**Required action**
With the pictures left out, write every entry down exactly.

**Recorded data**
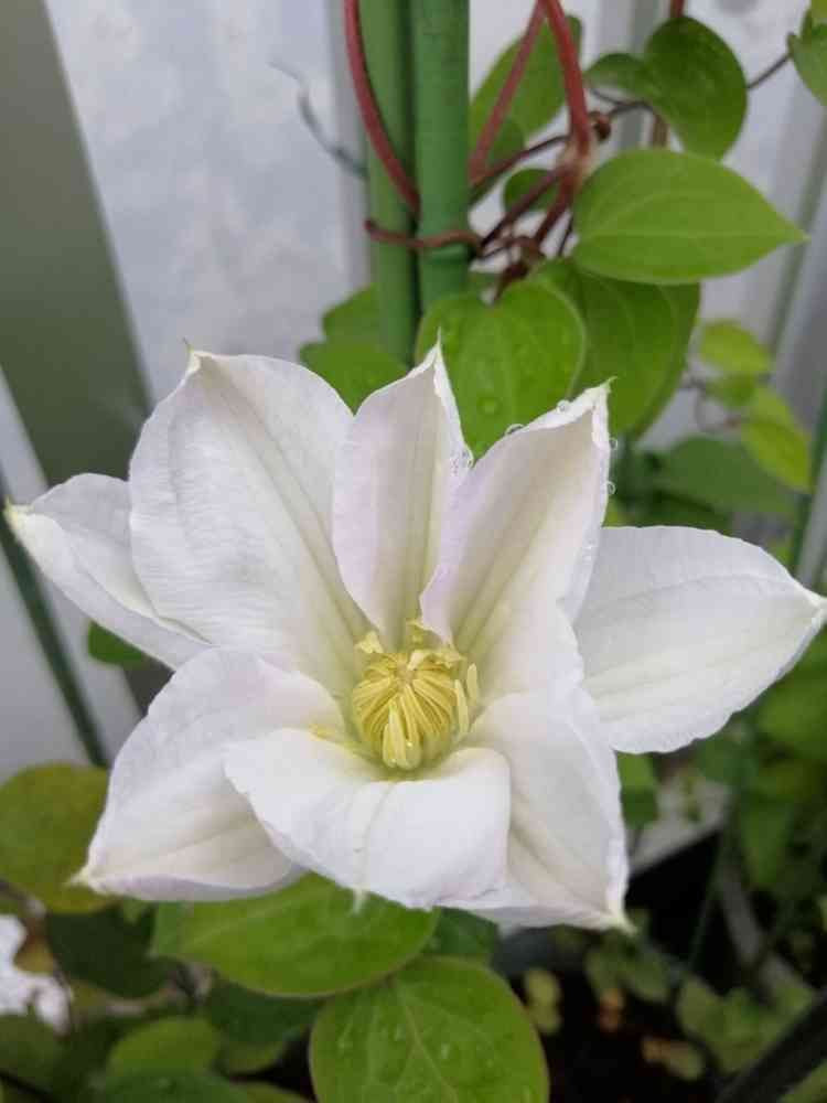 葉っぱ🌿さんがどんどん伸びていたクレマチスにやっと蕾と真っ白なお花が咲いてくれてま〜す💞
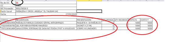 3. Ahora tengo una tercer hoja llamada Generación de entradas en la cual pretendo que al introducir el No de la OC, la macro busque entre los registros del punto 2 y traiga todos los datos de la OC, algo como la siguiente imagen, teniendo en cuenta que lo encerrado en circulo rojo lo pegue como valores para ilustrarlo como ejemplo y es como quisiera el resultado,:
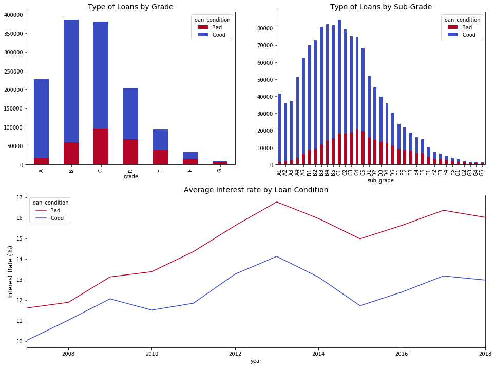 ax1.set_title('Type of Loans by Grade', fontsize=14)
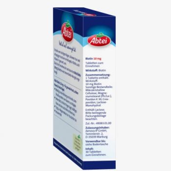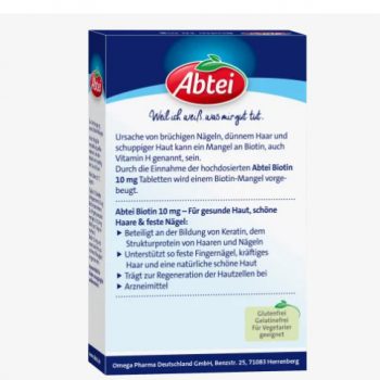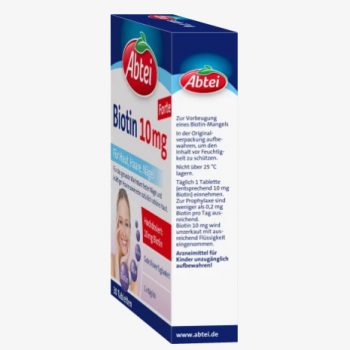 ABTEI BIOTIN 10MG là sản phẩm của Abtei – sản xuất tại Đức – bổ sung hỗ trợ sức khỏe cho da, tóc và móng tay sáng bóng dày mạnh mẽ cũng như các dây thần kinh và hệ tiêu hóa.
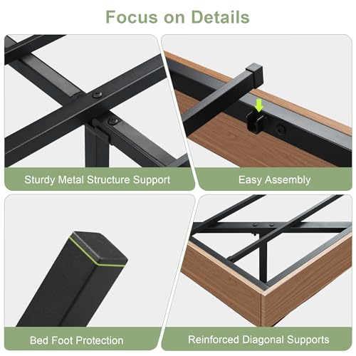 Stable and Noise-Free: 13 heavy-duty metal slats, and legs with reinforced diagonal support, ensure the comfort and durability of the queen bed. The silent bar design reduces friction with the mattress, bringing a good night’s sleep with you
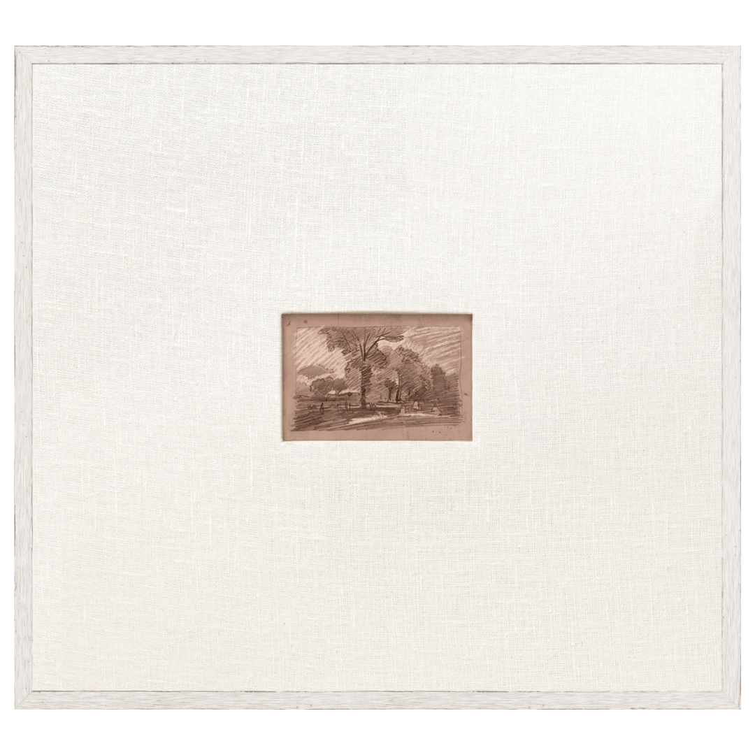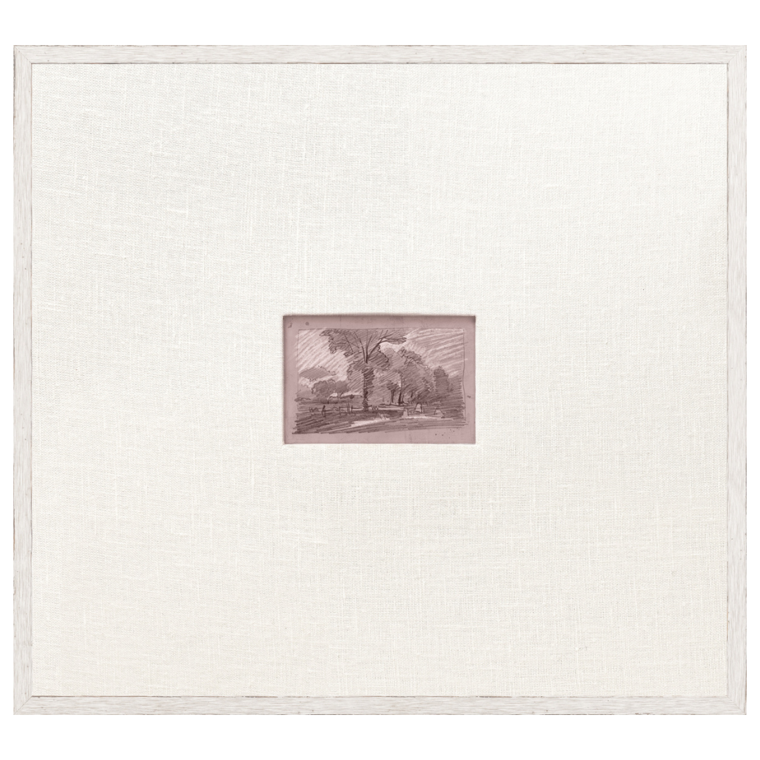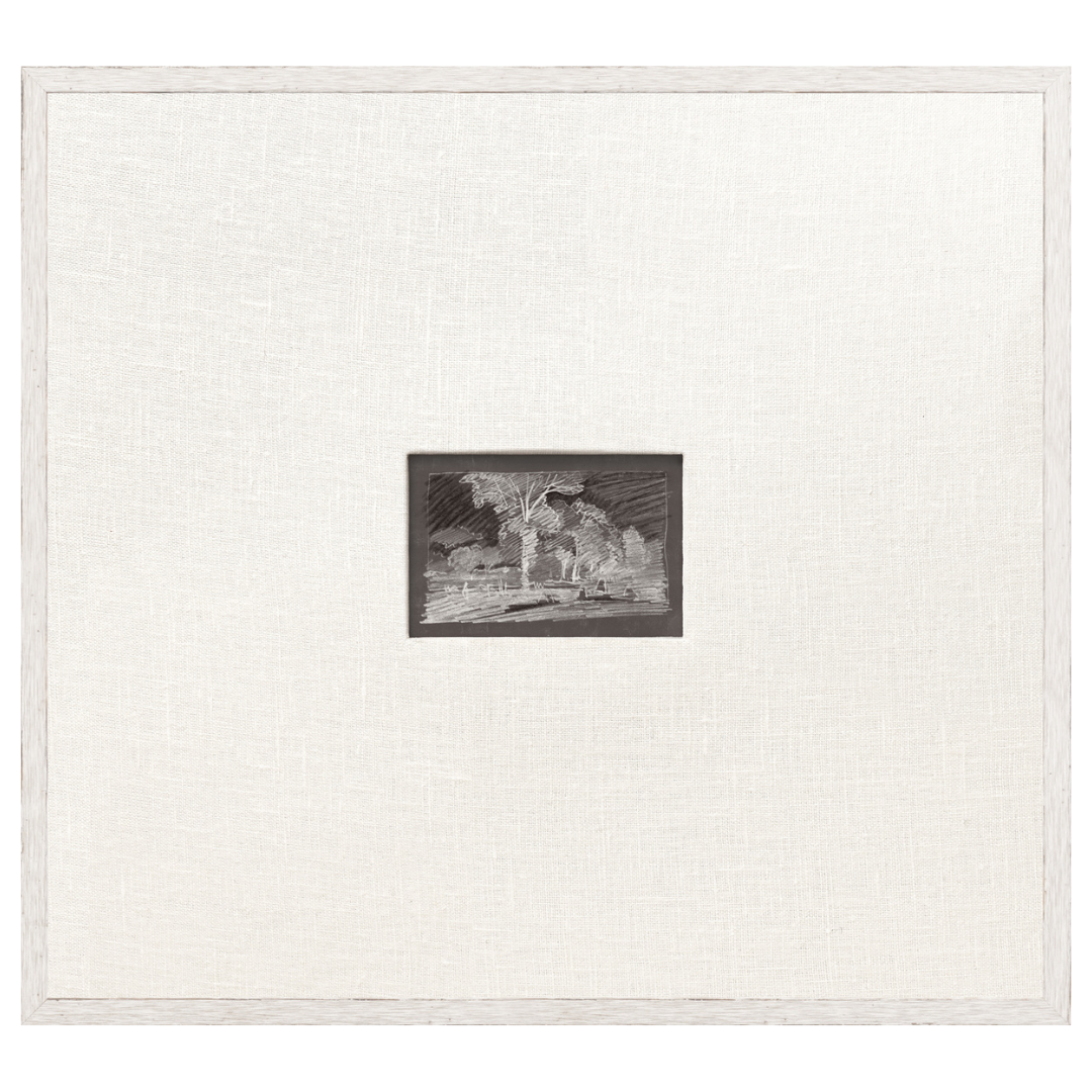 Small rural sketches offered in four colour paths: Plum Slate, Powder Blue, Mocha, and Charcoal. A faux white fabric matte surrounds each sketch for a clean, fresh appeal.

**Answer box**
 葉っぱ🌿さんがどんどん伸びていたクレマチスにやっと蕾と真っ白なお花が咲いてくれてま〜す💞
 3. Ahora tengo una tercer hoja llamada Generación de entradas en la cual pretendo que al introducir el No de la OC, la macro busque entre los registros del punto 2 y traiga todos los datos de la OC, algo como la siguiente imagen, teniendo en cuenta que lo encerrado en circulo rojo lo pegue como valores para ilustrarlo como ejemplo y es como quisiera el resultado,:
 ax1.set_title('Type of Loans by Grade', fontsize=14)
 ABTEI BIOTIN 10MG là sản phẩm của Abtei – sản xuất tại Đức – bổ sung hỗ trợ sức khỏe cho da, tóc và móng tay sáng bóng dày mạnh mẽ cũng như các dây thần kinh và hệ tiêu hóa.
 Stable and Noise-Free: 13 heavy-duty metal slats, and legs with reinforced diagonal support, ensure the comfort and durability of the queen bed. The silent bar design reduces friction with the mattress, bringing a good night’s sleep with you
 Small rural sketches offered in four colour paths: Plum Slate, Powder Blue, Mocha, and Charcoal. A faux white fabric matte surrounds each sketch for a clean, fresh appeal.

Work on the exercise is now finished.